* [TASK] The whole listing, except its pictures, is to be repeated exactly.

* [DATA EXCERPT]
<<<<

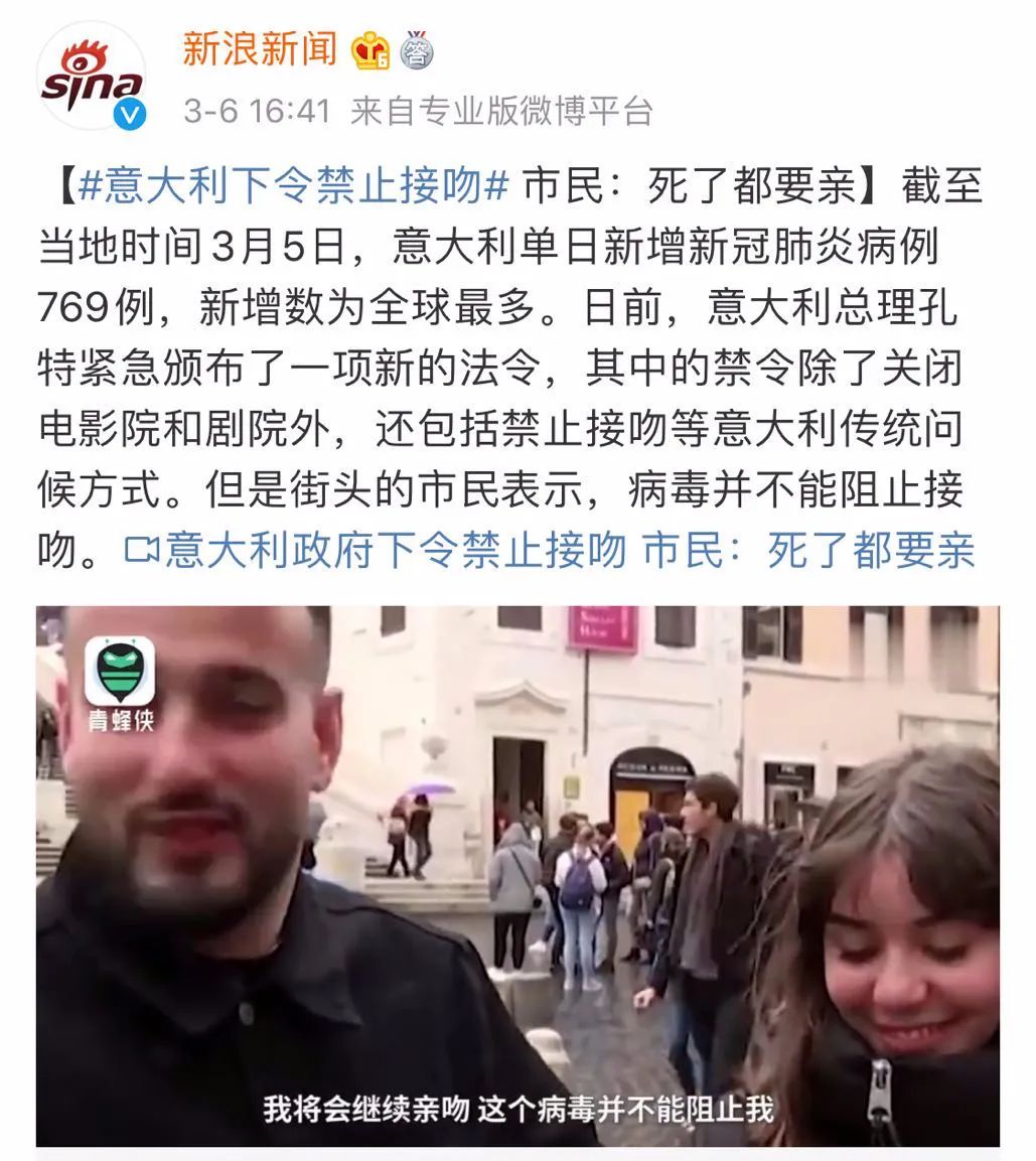 意大利人比韩国人还不服气,就算疫情爆发了,还认为是流感,继续活动无所谓。一些政客也迎合这种情绪,怕麻烦就当流感宣传了,还攻击戴口罩的。但是意大利毕竟是真出了非常多的病例,挤爆了医院,死了366人,终于知道厉害了。
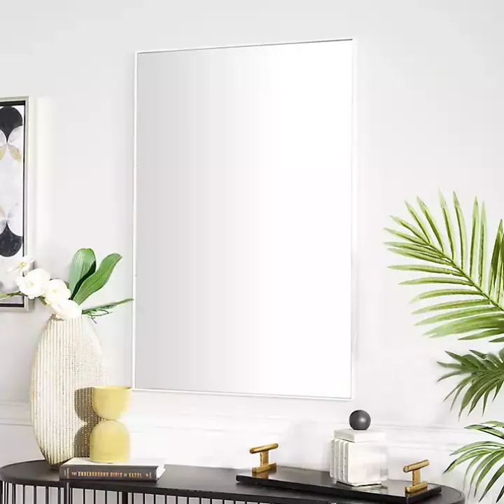 Embrace artistic expression with a style that highlights bold designs with sleek lines, neutral elements, and a minimalist aesthetic! Truly a posh and pragmatic addition to your home space, this White Wood Rectangular Wall Mirror will easily complement neutral-toned walls.
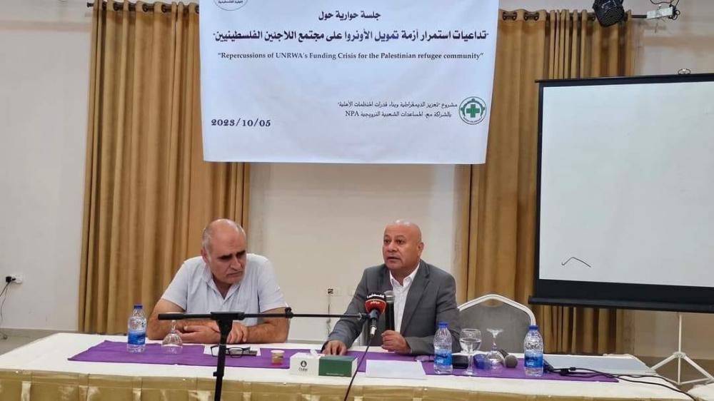 وتطرق د. أحمد أبو هولي خلال الندوة الحوارية إلى الأزمة المالية الخطيرة التي تواجهها وكالة الغوث وتأثيرها على تقديم الخدمات والمساعدات لجمهور اللاجئين خاصة في مجالات الصحة والتعليم والخدمات والمساعدات الغذائية ،متسائلا تصوروا لو توقفت هذه الخدمات ماذا سينجم عن ذلك ؟؟
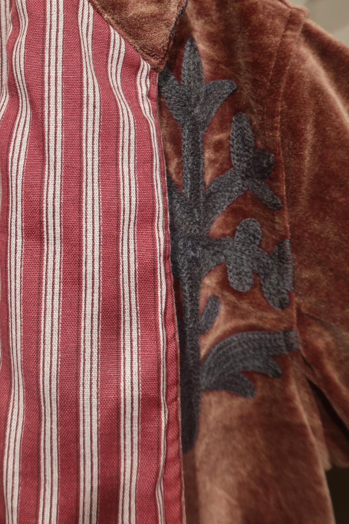 Giacca lunga realizzata in morbido velluto di cotone color cacao, impreziosita da ricami floreali nei toni del verde bosco intenso e del muschio tenue. Realizzata con cura artigianale, presenta ricami a rilievo che esaltano la morbidezza e la profondità del tessuto, creando un raffinato gioco di luci e texture. Il taglio lungo e dritto, il collo arrotondato e le maniche leggermente ampie offrono una vestibilità armoniosa, bilanciando comfort e struttura. L'interno è foderato in cotone a righe verticali rosso mattone e avorio, un dettaglio distintivo che aggiunge calore e carattere. Ogni cucitura è accuratamente rifinita per garantire resistenza e qualità nel tempo. Pensata per accompagnare la mezza stagione con stile, si distingue per il suo equilibrio tra tradizione sartoriale e ricerca estetica. Un capo lungo ed elegante che incarna l'unione di materiali pregiati, meticolosa lavorazione artigianale e gusto contemporaneo, ideale per chi apprezza l'eleganza senza tempo espressa con autenticità e raffinatezza.

>>>>

* [SOLUTION TO THIS TASK]
 意大利人比韩国人还不服气,就算疫情爆发了,还认为是流感,继续活动无所谓。一些政客也迎合这种情绪,怕麻烦就当流感宣传了,还攻击戴口罩的。但是意大利毕竟是真出了非常多的病例,挤爆了医院,死了366人,终于知道厉害了。
 Embrace artistic expression with a style that highlights bold designs with sleek lines, neutral elements, and a minimalist aesthetic! Truly a posh and pragmatic addition to your home space, this White Wood Rectangular Wall Mirror will easily complement neutral-toned walls.
 وتطرق د. أحمد أبو هولي خلال الندوة الحوارية إلى الأزمة المالية الخطيرة التي تواجهها وكالة الغوث وتأثيرها على تقديم الخدمات والمساعدات لجمهور اللاجئين خاصة في مجالات الصحة والتعليم والخدمات والمساعدات الغذائية ،متسائلا تصوروا لو توقفت هذه الخدمات ماذا سينجم عن ذلك ؟؟
 Giacca lunga realizzata in morbido velluto di cotone color cacao, impreziosita da ricami floreali nei toni del verde bosco intenso e del muschio tenue. Realizzata con cura artigianale, presenta ricami a rilievo che esaltano la morbidezza e la profondità del tessuto, creando un raffinato gioco di luci e texture. Il taglio lungo e dritto, il collo arrotondato e le maniche leggermente ampie offrono una vestibilità armoniosa, bilanciando comfort e struttura. L'interno è foderato in cotone a righe verticali rosso mattone e avorio, un dettaglio distintivo che aggiunge calore e carattere. Ogni cucitura è accuratamente rifinita per garantire resistenza e qualità nel tempo. Pensata per accompagnare la mezza stagione con stile, si distingue per il suo equilibrio tra tradizione sartoriale e ricerca estetica. Un capo lungo ed elegante che incarna l'unione di materiali pregiati, meticolosa lavorazione artigianale e gusto contemporaneo, ideale per chi apprezza l'eleganza senza tempo espressa con autenticità e raffinatezza.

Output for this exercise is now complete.